7.583 CONDIVISIONI

Perché Matteo Salvini e Steve Bannon hanno dichiarato guerra a Papa Francesco

Tutti schierati contro Papa Francesco, contro le sue idee in tema di immigrazione, il suo impegno contro i cambiamenti climatici, le sue aperture verso gli omosessuali: è questo il tema al centro dell’inchiesta giornalistica condotta da SourceMaterial e pubblicata in esclusiva per l’Italia da Fanpage.it.
A cura di Stefano Vergine
7.583 CONDIVISIONI
Immagine

La guerra interna al Vaticano. L'alleanza fra Steve Bannon, Matteo Salvini, il cardinale Raymond Burke, diversi personaggi della destra internazionale e alcuni russi molto vicini a Vladimir Putin. Tutti schierati contro Papa Francesco, contro le sue idee in tema di immigrazione, il suo impegno contro i cambiamenti climatici, le sue aperture verso gli omosessuali. È questo il tema al centro dell'inchiesta giornalistica internazionale realizzata da SourceMaterial e pubblicata in esclusiva per l'Italia da Fanpage.it. Per capire com'è nata l'alleanza globale contro Jorge Mario Bergoglio bisogna partire dalla primavera del 2016. Il 25 aprile, poco dopo Pasqua, il leader della Lega Matteo Salvini è negli Stati Uniti per conoscere Donald Trump. Della comitiva fanno parte l'attuale sottosegretario alla presidenza del Consiglio, Giancarlo Giorgetti; il sottosegretario agli Esteri, Guglielmo Picchi; l'imprenditore italo-americano Amato Berardi, già deputato del Pdl per la circoscrizione estero.

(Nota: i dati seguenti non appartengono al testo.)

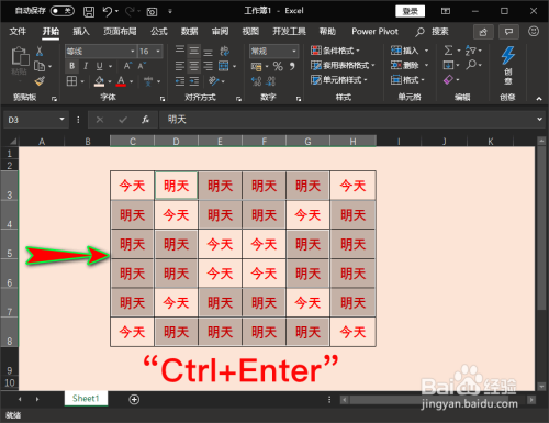 接着我们在表格的第一个空白单位格中输入“明天”,再同时单击键盘上的“Ctrl+Enter”键,这样所有空白单位格中都有了不异的内容,即“明天”。如图所示:

Verso Wilkes Barre dove incontreremo @realdonaldtrump

A post shared by Guglielmo Picchi (@guglielmopicchi) on

Salvini si fa fotografare con Trump alla Mohegan Sun Arena di Wilkes-Barre, Pennsylvania. È la cittadina alla periferia di Filadelfia dove in quei giorni si sta tenendo un evento della campagna elettorale dei repubblicani. Quella foto scatenerà parecchie polemiche: i leghisti la esibiranno come prova del sostegno di Trump a Salvini; lo stesso Trump qualche tempo dopo affermerà di non sapere chi fosse allora quell'italiano interessato a farsi immortalare con lui. Come rivelato ne "Il Libro Nero della Lega" (Laterza), ad avere ragione era l'attuale inquilino della Casa Bianca. Secondo Leonardo Zangani, imprenditore italo-americano presente il 25 aprile alla Mohegan Sun Arena, «quella era una photo opportunity….paga 50 dollari e fatti una fotografia con Trump». Insomma, Salvini si sarebbe imbucato al comizio dei repubblicani e avrebbe pagato per farsi immortalare con l'astro nascente della destra statunitense.

Immagine

Ciò che conta, tuttavia, è quello che succede nei giorni seguenti. Nelle 48 ore successive Salvini e i suoi accompagnatori si spostano a Washington DC. Dove l'attuale vicepremier, all'interno del Campidoglio, incontra per la prima volta riservatamente Bannon. Già capo del sito d'informazione di estrema destra Breitbart, Bannon all'epoca è il direttore esecutivo della campagna elettorale di Trump, mentre oggi – dopo essere stato ufficialmente scaricato dal presidente Usa – si presenta come l'animatore nero dell'internazionale sovranista, il trait d'union tra i vari movimenti nazionalisti sparsi in giro per il mondo. Buona parte di quella conversazione fra Bannon e Salvini resta ancora oggi un mistero, ma c'è un aspetto inedito che possiamo rivelare. Secondo una fonte interna alla Lega a conoscenza degli eventi di quei giorni – che ha scelto di parlare con SourceMaterial a condizione di rimanere anonima – da quell'incontro Salvini è uscito con un consiglio fondamentale: iniziare ad attaccare Papa Francesco.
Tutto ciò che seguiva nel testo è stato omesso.